Андрей брал ее лицо в ладони и легонько дул на прикрытые веки. В этом было столько нежности, что боль истончалась, и резервуары высыхали, и становилось так щекотно, что почти не страшно. Да, через три ночи снова будет прощание. А пока предчувствие поцелуя, который вот-вот начнется. Как глоток воздуха перед новым погружением на дно.

2. Рот тонущего попеременно уходит под воду и появляется из-под воды, за этот промежуток тонущий не успевает крикнуть, только выдохнуть и вдохнуть.

Они решили взять паузу на два месяца. Разлука для выполнения списка дел: работа, накопившийся быт, другие партнеры, с которыми пора было уже решить что-то точно. А перед тем как разъехаться, выходные вместе. Бесконечное сладостное посмертие. Пальцы Андрея у нее во рту, член глубоко внутри, Анна дышит со всхлипами и просто физически не способна на еще один оргазм. Андрей долго молчит и гладит ее по волосам.

– Ты замужем, – твердил он потом, собираясь в аэропорт. – Мне это невыносимо.

– Мы даже не живем с ним вместе, – оправдывалась Анна. – И у тебя вообще-то есть девушка.

– Мы тоже не живем с ней вместе, тут квиты. И вообще это не отношения, а формальность. – Андрей тер переносицу, глаза у него становились беззащитными. – Ань, я расстанусь с ней, как только ты разведешься.

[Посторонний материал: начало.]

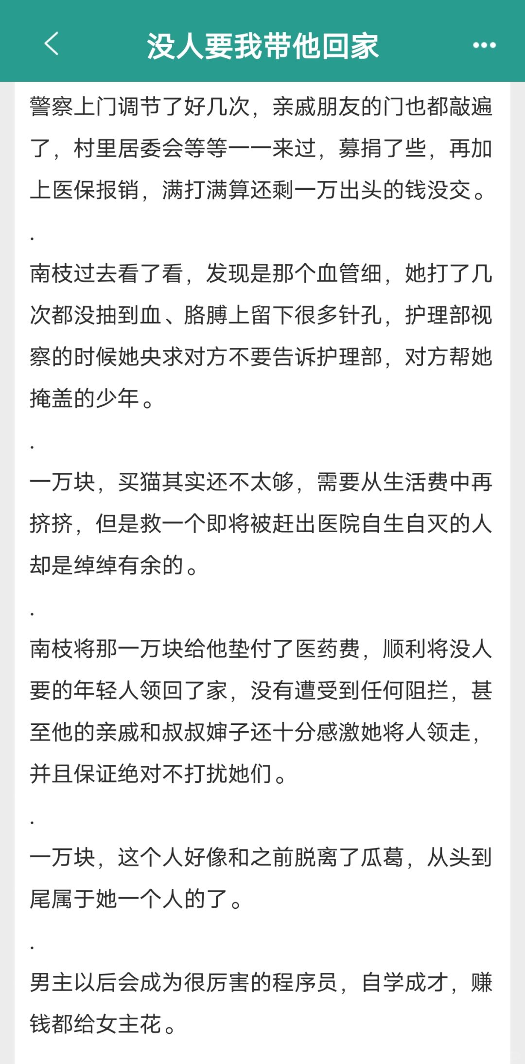 南枝将那一万块给他垫付了医药费,顺利将没人要的年轻人领回了家,没有遭受到任何阻拦,甚至他的亲戚和叔叔婶子还十分感激她将人领走,并且保证绝对不打扰她们。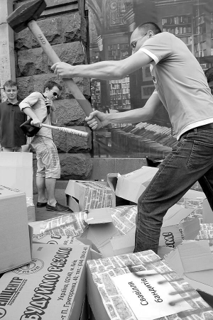 Перед центральным входом в магазин двое ребят выкладывают стену из 15 картонных коробок. К ним крепят надписи "Коррупция чиновников", "Коррупционный барьер", "Уничтожители книжного магазина", "Банда Черновецкого". Представитель магазина Константин Климашенко разбивает их деревянной битой. Потом срывает с зарешеченного окна плакат с изображением книг.

«Если формальность, то расстанься! Расстанься прямо сейчас! Позвони ей и скажи, что любишь меня! Меня!» – хотелось закричать Анне, но ее рот снова уходил под воду.

3. Тонущие люди не размахивают руками, они раскидывают их в стороны, чтобы отталкиваться от воды. Все ради поверхностного вдоха над водой.

Когда билет оформлен, а от хозяйки апартов получено подтверждение брони, Анну начинают мучить сны. Она стоит у кромки воды и видит себя со стороны. Ракурс ломаный, чуть зыбкий. И вода зыбкая – идет рябью, но не прибой, нет, скорее круги от брошенного камня. Анна видит, как вода поднимается по вертикальной оси, будто часть разводного моста, но не боится, а просто ждет, чтобы темная зыбкая поверхность оказалась напротив ее лица. И тогда она делает шаг. Раскидывает руки, будто готова обнять эту беспокойную тьму, входит в воду и шепчет: «Он смотрит в нее как в воду и входит в нее как в воду». Мир резко заваливается навзничь, плоскость меняется, и Анна оказывается в воде. Отчего-то она думает, что вода твердая, но та не собирается держать ее вес, пропуская Анну все глубже и глубже. Это падение без конца. Анна ждет дно, но дна нет. Нет никакой возможности оттолкнуться, только движение вниз. Под самую толщу. Туда, где нет ничего, кроме Анны и мерного голоса в ее голове: «Он смотрит в нее как в воду и входит в нее как в воду». Утром Анна вбивает эти слова в поисковик. Смотрит на фото того, кто их придумал. Он совсем не похож на Андрея, но чем дольше Анна смотрит в глаза на фото, тем отчетливее видит сходство. В любом, на кого пристально смотришь, можно разглядеть знакомую черту, главное – захотеть. Анна хочет видеть Андрея, а видит знаки.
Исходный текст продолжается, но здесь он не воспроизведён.